Random Profile: Shu-Peng "Ben" Ho

Every other month, Staff Notes Monthly spotlights a stochastically chosen staff member. This month we profile Shu-Peng “Ben” Ho, a project scientist in the Atmospheric Chemistry Division.

Ben Ho.

The most important question: Like many scientists, Ben is drawn to the field because of his inquisitive nature. “I’m that kind of person who always wants to know why, and because of that I try to find answers to questions about the physical world,” he says.

A specialist in radiation remote sensing, Ben studies data from MOPITT (Measurements of Pollution in the Troposphere). MOPITT, an instrument flying on NASA’s Terra satellite, measures the global distributions of carbon monoxide and methane in the troposphere in order to enhance our knowledge of the lower atmosphere and how it interacts with surface, ocean, and biomass systems.

“What I like best about my job is that I can satisfy my curiosity little by little by working on the data and solving problems,” Ben says. “And my colleagues share the same curiosity, so we feel like a team.”

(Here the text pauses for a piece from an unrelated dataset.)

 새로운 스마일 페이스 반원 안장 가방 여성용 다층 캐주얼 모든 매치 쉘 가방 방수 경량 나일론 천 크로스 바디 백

The biggest challenge of his job, Ben says, is understanding the physics behind the data. “You need to know why the data look the way they do and how that will affect the environment,” he explains.

Taiwan to the United States: Ben grew up in Taipei. After completing his undergraduate degree in computer science at Feng Chia University, he wasn’t completely satisfied with the field and decided to study atmospheric science. “I wanted to know why things happen, and atmospheric science combined my computer background with science,” he says.

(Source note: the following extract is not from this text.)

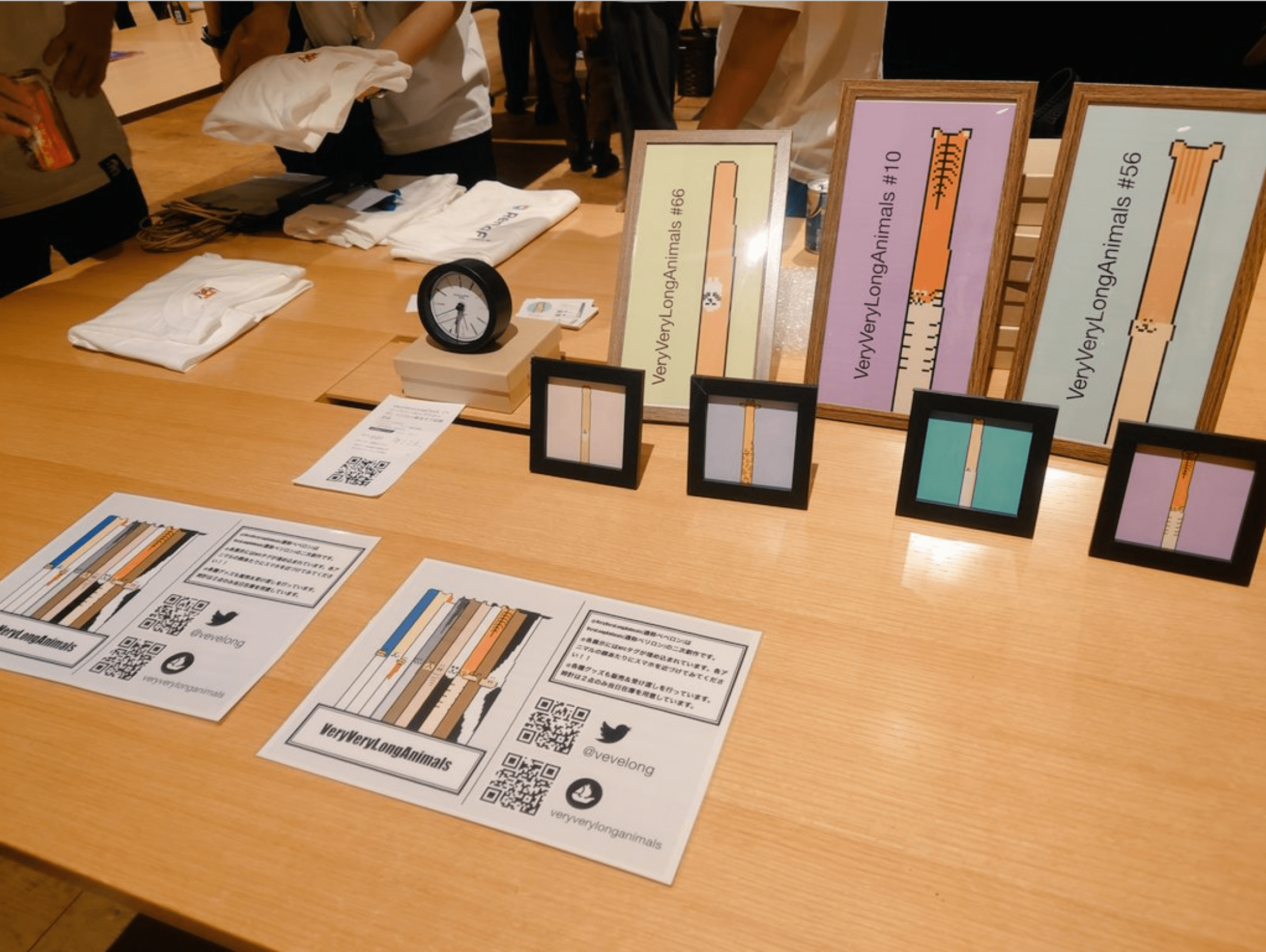 当日会場内において、コレクションの垣根を越えてNFTに関係する活動を応援する、国内初となるNFT活動の展示即売会を実施いたしました。VeryLongAnimalsの二次創作だけでなく、NFTに関わるサービスやプロトコル、他国内NFTプロジェクトからの参加も多数あり、どのスペースも大盛況となりました。

Ben headed across the globe to find answers, stopping in New Jersey for a master’s degree in meteorology at Rutgers and then moving to the University of Wisconsin—Madison for more graduate studies. “A lot of professors at Madison opened my eyes to the field, and I had the opportunity to work with many really intelligent people,” he recalls.

Packers fans on Broncos soil: Ben left Madison with a doctorate in atmospheric science and, though he’s a little reluctant to admit it here in Colorado, an intense passion for the Green Bay Packers. “We’re Packers fans, especially my wife. Sometimes our mood is affected by this,” he jokes. He confesses that their dream is for the Packers to beat the Broncos in Denver.

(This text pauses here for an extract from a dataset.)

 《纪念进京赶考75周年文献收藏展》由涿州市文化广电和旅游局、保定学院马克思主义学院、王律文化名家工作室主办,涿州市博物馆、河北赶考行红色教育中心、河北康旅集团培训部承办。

Family time: After completing his doctorate, Ben worked as a research scientist for NASA in Virginia before joining ACD in 2001. He and his wife settled in Longmont with their three children, ages 5, 7, and 9. The family likes to spend time hiking and biking, and in Denver at sports events. Ben says he’s trying to steer the kids toward science despite the fact they say they plan to be basketball players when they grow up.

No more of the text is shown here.